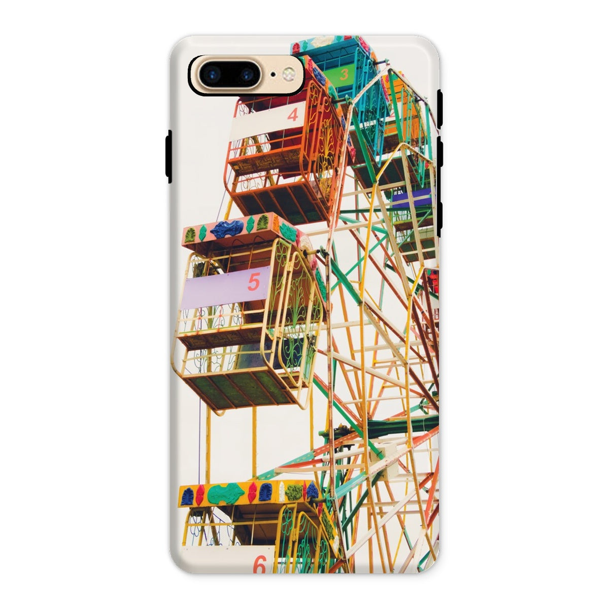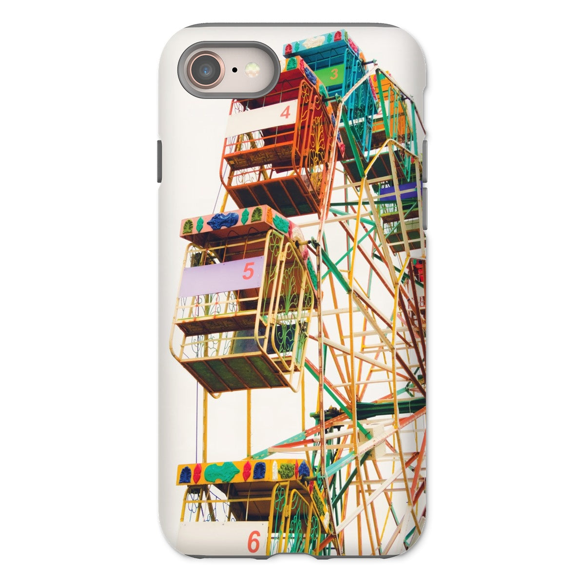 Behold, a kaleidoscopic iPhone case that'll make your device the belle of the midway! This vibrant snapshot showcases a dazzling Ferris wheel, its skeletal frame a riot of teal, orange, and yellow. You'll spot gondolas adorned with whimsical patterns and bold numbers, beckoning thrill-seekers to hop aboard.
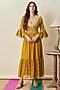 Featuring a mustard yellow cinched maxi dress in cotton base with a V-neckline, lace, and bell sleeves.
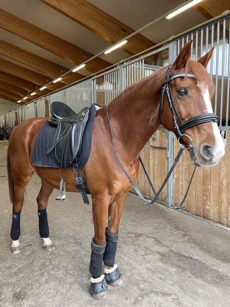 Ich verkaufe meinen lieben Fuchs-Wallach an Bestplatz - Platz vor Preis In der Dressur ist er auf dem Ausbildungsstand LP, wurde bis LM am Turnier vorgestellt. Im Springen wurde er bis 95 cm vorgestellt. Vom Boden aus ist er absolut brav, lieb und verschmust. Er ist schmiede- und verladefromm. Er ist ein sensibler, eher ängstlicher Typ, dabei aber nicht böse – er steigt nicht und geht auch nicht durch. Mit einem ruhigen, sicheren Reiter, der ihm Vertrauen gibt, ist er ein wunderbarer Partner, ich kann ihn mir auch für Anfänger vorstellen, solange diese selber keine Angstreiter sind. Er liebt das Ausreiten. Daher wünsche ich mir jemanden der dies genauso liebt wie er und in der Dressur vielleicht noch etwas dazu lernen will. Denn er zeigt gerne was er kann solange er dies nicht jeden Tag machen muss ;) Aufgrund seiner sensiblen Art waren wir am Springturnier nicht immer erfolgreich. Jedoch liebt er das Springen zu Hause, so lang es auf Reiternadel Niveau bleibt. Ich wünsche mir für ihn einen Platz, wo er geliebt wird, regelmäßig ins Gelände darf und weiterhin gefördert wird, ohne Turnierdruck. Absolut Platz vor Preis
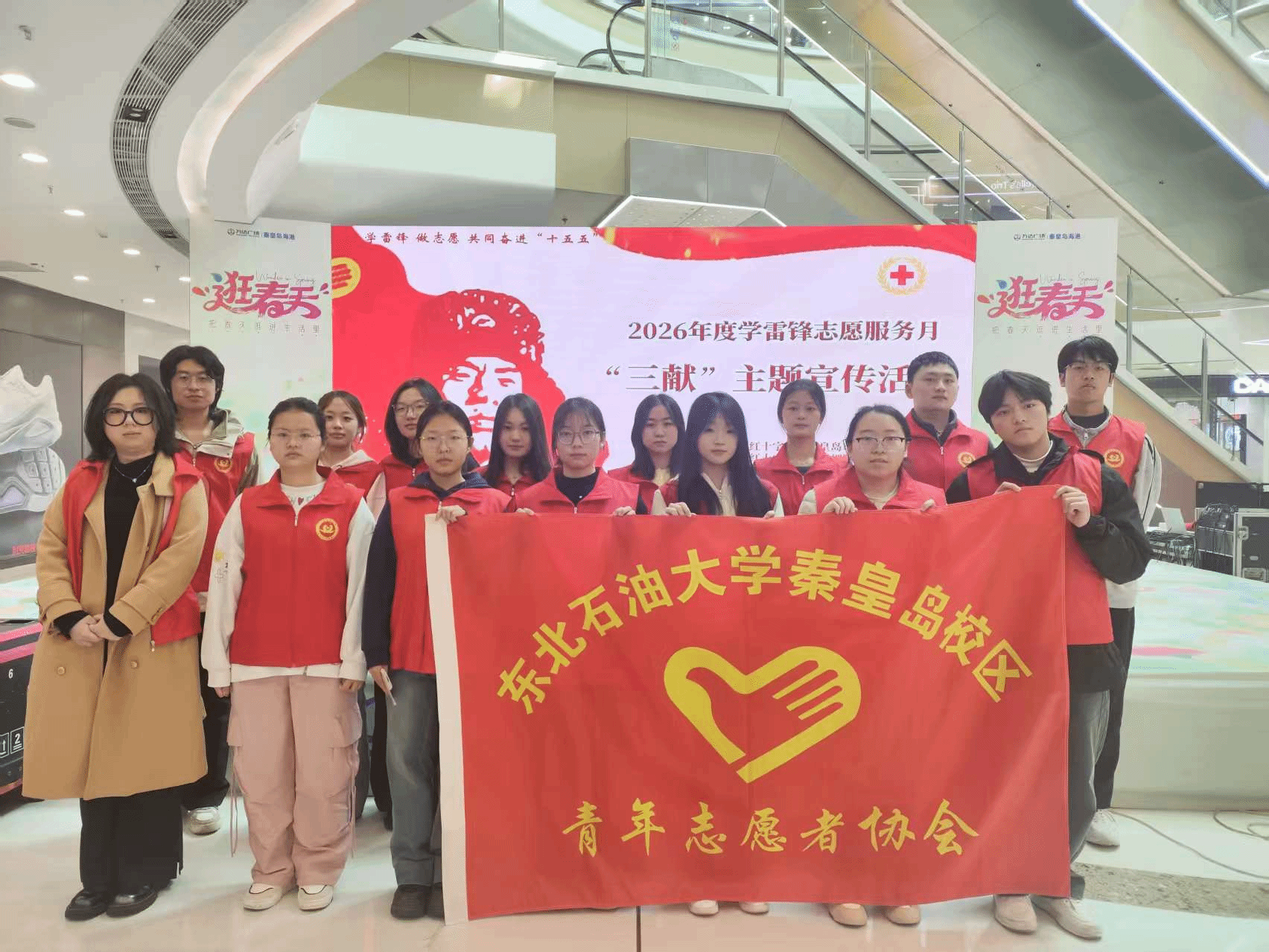 在社会公益活动方面,3月7日,青协造血干细胞捐献志愿服务队受邀参加秦皇岛市红十字会举办的学雷锋“三献”主题宣传活动。青协主席、造干志愿服务队队长陈金宇同学作为志愿者代表上台宣誓,传递青年学子的公益热忱。活动结束后,同学们主动协助主办方完成场地恢复工作,展现了良好的精神风貌。

- **Action item**
Going from the line with "Ich verkaufe meinen" to the last line of the listing, write out each line exactly and nothing else. Leave out all pictures.

- **Task answer**
 Ich verkaufe meinen lieben Fuchs-Wallach an Bestplatz - Platz vor Preis In der Dressur ist er auf dem Ausbildungsstand LP, wurde bis LM am Turnier vorgestellt. Im Springen wurde er bis 95 cm vorgestellt. Vom Boden aus ist er absolut brav, lieb und verschmust. Er ist schmiede- und verladefromm. Er ist ein sensibler, eher ängstlicher Typ, dabei aber nicht böse – er steigt nicht und geht auch nicht durch. Mit einem ruhigen, sicheren Reiter, der ihm Vertrauen gibt, ist er ein wunderbarer Partner, ich kann ihn mir auch für Anfänger vorstellen, solange diese selber keine Angstreiter sind. Er liebt das Ausreiten. Daher wünsche ich mir jemanden der dies genauso liebt wie er und in der Dressur vielleicht noch etwas dazu lernen will. Denn er zeigt gerne was er kann solange er dies nicht jeden Tag machen muss ;) Aufgrund seiner sensiblen Art waren wir am Springturnier nicht immer erfolgreich. Jedoch liebt er das Springen zu Hause, so lang es auf Reiternadel Niveau bleibt. Ich wünsche mir für ihn einen Platz, wo er geliebt wird, regelmäßig ins Gelände darf und weiterhin gefördert wird, ohne Turnierdruck. Absolut Platz vor Preis
 在社会公益活动方面,3月7日,青协造血干细胞捐献志愿服务队受邀参加秦皇岛市红十字会举办的学雷锋“三献”主题宣传活动。青协主席、造干志愿服务队队长陈金宇同学作为志愿者代表上台宣誓,传递青年学子的公益热忱。活动结束后,同学们主动协助主办方完成场地恢复工作,展现了良好的精神风貌。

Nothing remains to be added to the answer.